[WHAT THE TASK ASKS] Reproduce the entries word for word but drop every picture.

[DATA EXTRACTS]

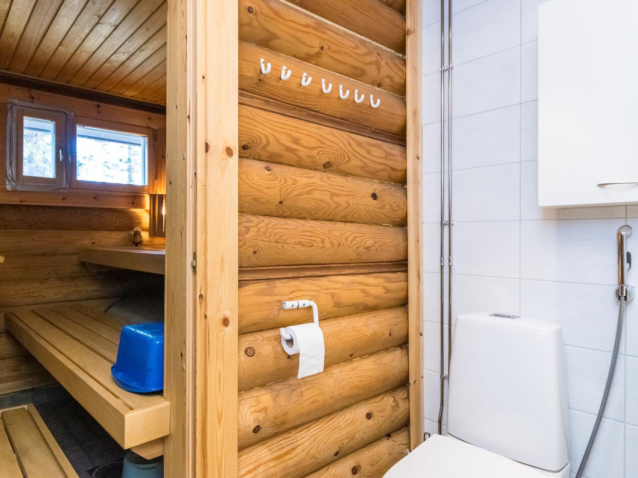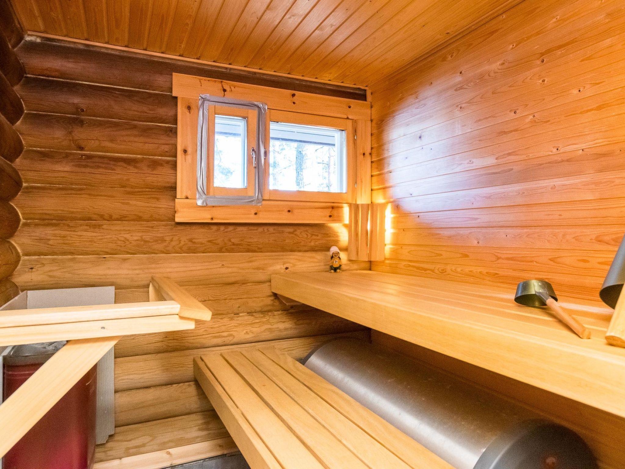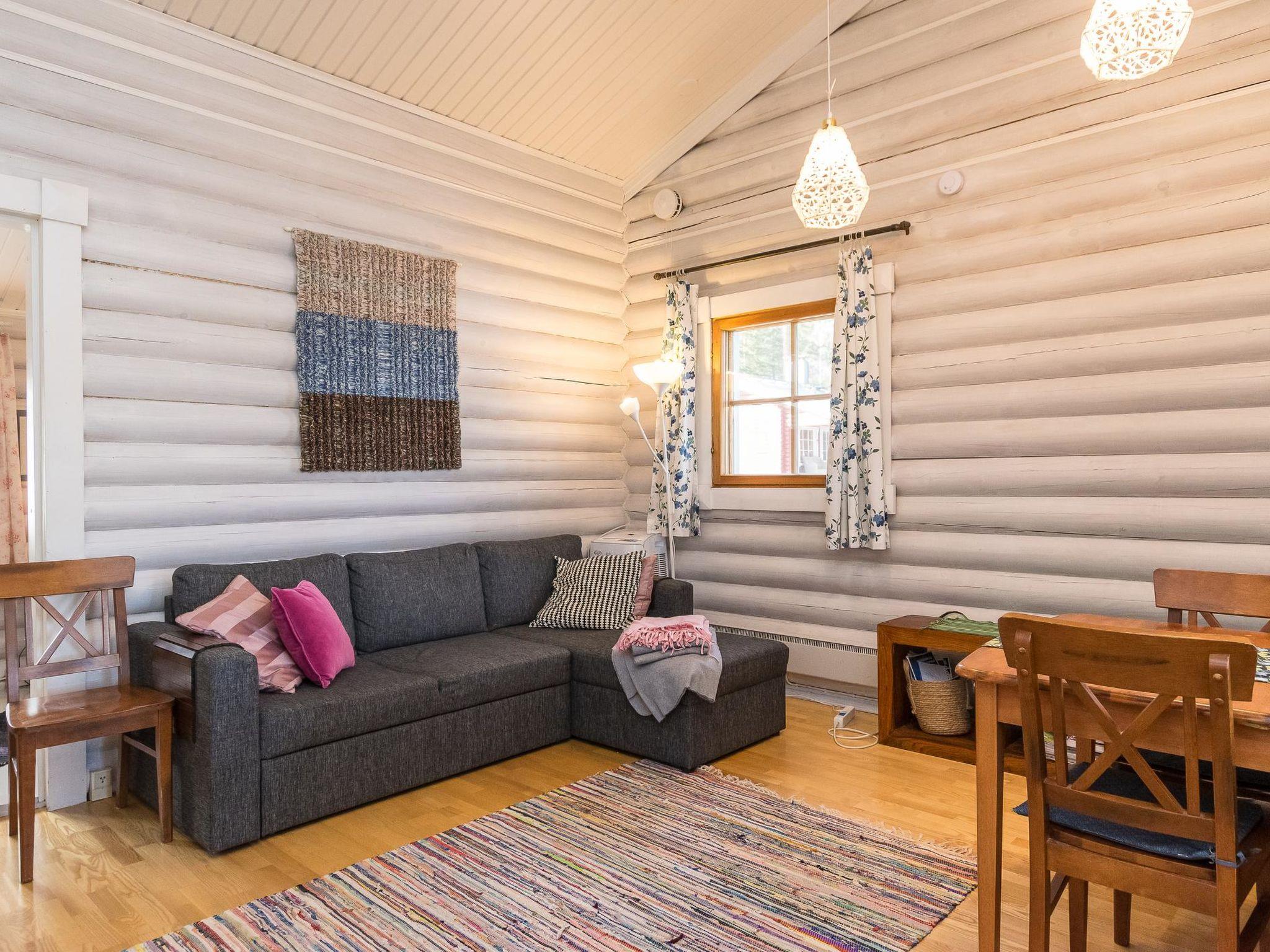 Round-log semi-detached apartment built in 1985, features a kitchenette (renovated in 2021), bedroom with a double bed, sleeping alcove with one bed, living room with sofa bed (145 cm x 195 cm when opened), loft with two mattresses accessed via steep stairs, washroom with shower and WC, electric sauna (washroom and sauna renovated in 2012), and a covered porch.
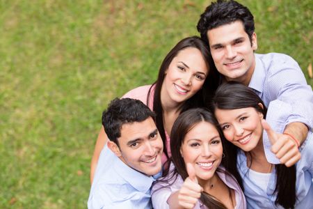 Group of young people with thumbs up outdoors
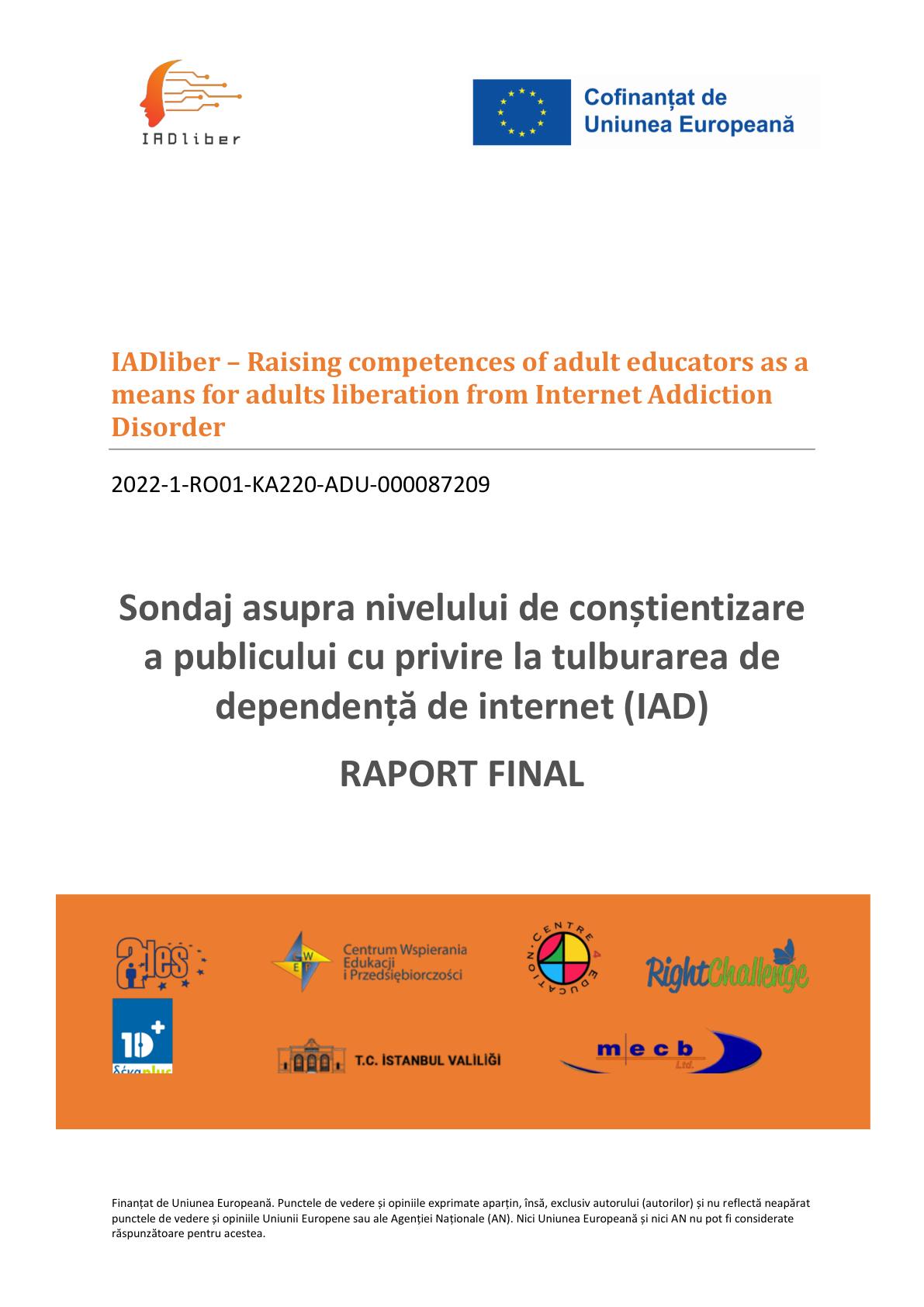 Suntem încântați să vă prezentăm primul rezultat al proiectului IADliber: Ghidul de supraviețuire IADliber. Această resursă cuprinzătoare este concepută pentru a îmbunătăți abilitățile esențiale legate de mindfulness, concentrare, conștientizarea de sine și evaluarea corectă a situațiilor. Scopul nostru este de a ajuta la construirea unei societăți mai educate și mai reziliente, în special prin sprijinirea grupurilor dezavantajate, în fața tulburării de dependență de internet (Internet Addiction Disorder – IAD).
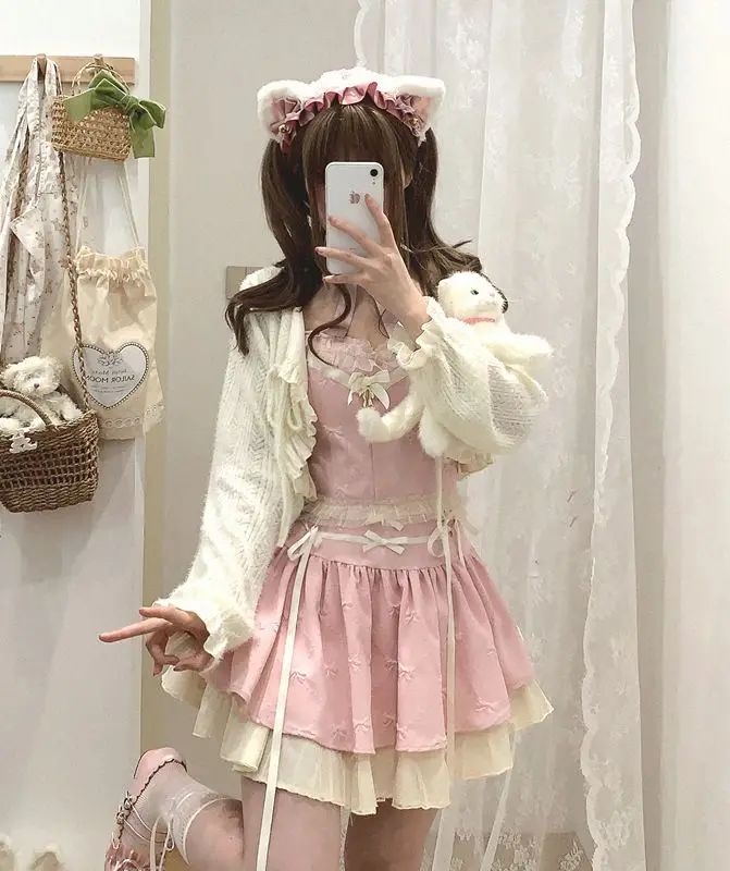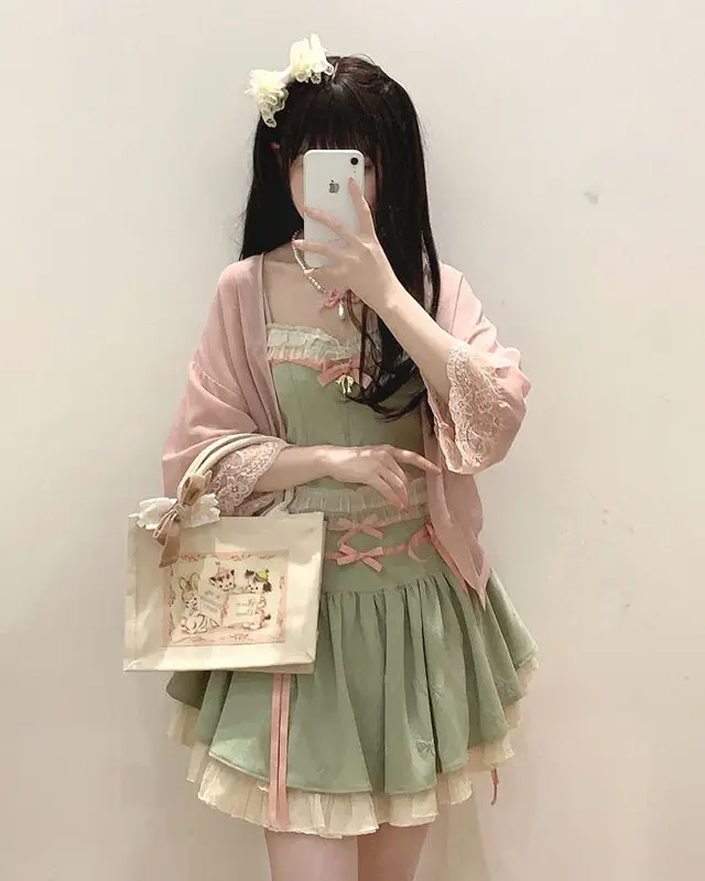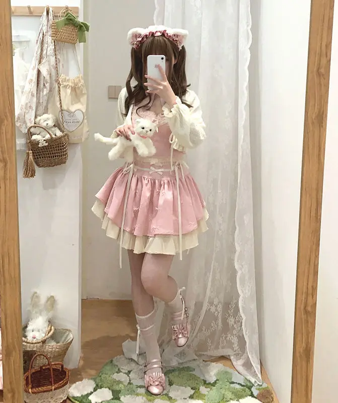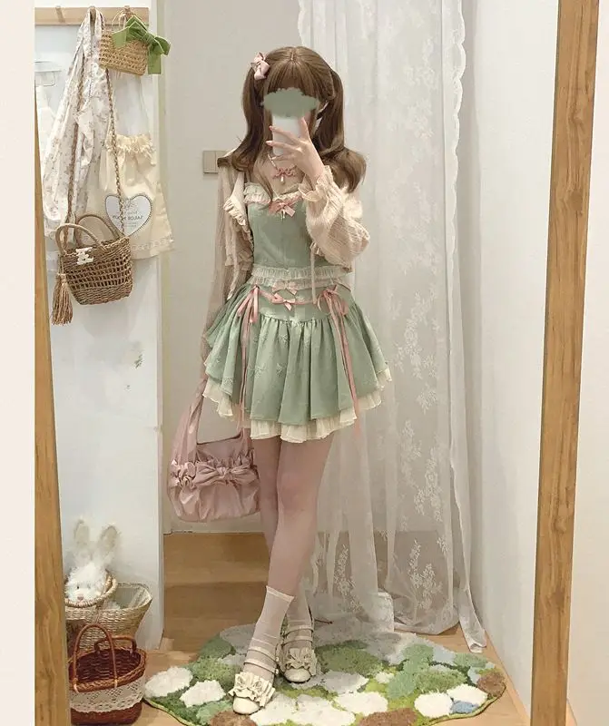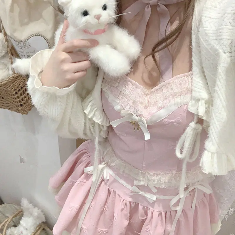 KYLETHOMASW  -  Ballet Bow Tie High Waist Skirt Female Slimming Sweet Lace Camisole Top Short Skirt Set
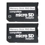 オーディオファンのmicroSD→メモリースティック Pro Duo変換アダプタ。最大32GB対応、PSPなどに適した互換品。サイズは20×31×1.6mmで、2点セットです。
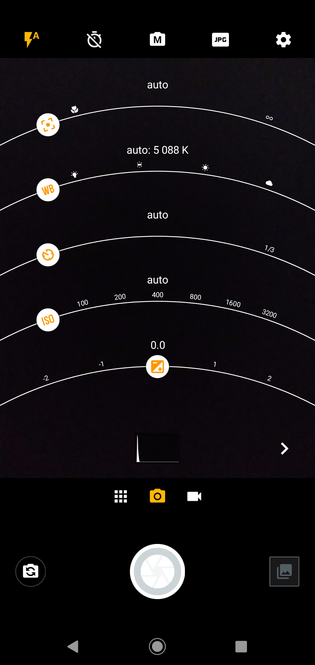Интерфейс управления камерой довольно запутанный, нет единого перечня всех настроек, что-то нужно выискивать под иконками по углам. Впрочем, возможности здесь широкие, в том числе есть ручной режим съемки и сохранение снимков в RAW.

[EXPECTED ANSWER]
 Round-log semi-detached apartment built in 1985, features a kitchenette (renovated in 2021), bedroom with a double bed, sleeping alcove with one bed, living room with sofa bed (145 cm x 195 cm when opened), loft with two mattresses accessed via steep stairs, washroom with shower and WC, electric sauna (washroom and sauna renovated in 2012), and a covered porch.
 Group of young people with thumbs up outdoors
 Suntem încântați să vă prezentăm primul rezultat al proiectului IADliber: Ghidul de supraviețuire IADliber. Această resursă cuprinzătoare este concepută pentru a îmbunătăți abilitățile esențiale legate de mindfulness, concentrare, conștientizarea de sine și evaluarea corectă a situațiilor. Scopul nostru este de a ajuta la construirea unei societăți mai educate și mai reziliente, în special prin sprijinirea grupurilor dezavantajate, în fața tulburării de dependență de internet (Internet Addiction Disorder – IAD).
 KYLETHOMASW  -  Ballet Bow Tie High Waist Skirt Female Slimming Sweet Lace Camisole Top Short Skirt Set
 オーディオファンのmicroSD→メモリースティック Pro Duo変換アダプタ。最大32GB対応、PSPなどに適した互換品。サイズは20×31×1.6mmで、2点セットです。
Интерфейс управления камерой довольно запутанный, нет единого перечня всех настроек, что-то нужно выискивать под иконками по углам. Впрочем, возможности здесь широкие, в том числе есть ручной режим съемки и сохранение снимков в RAW.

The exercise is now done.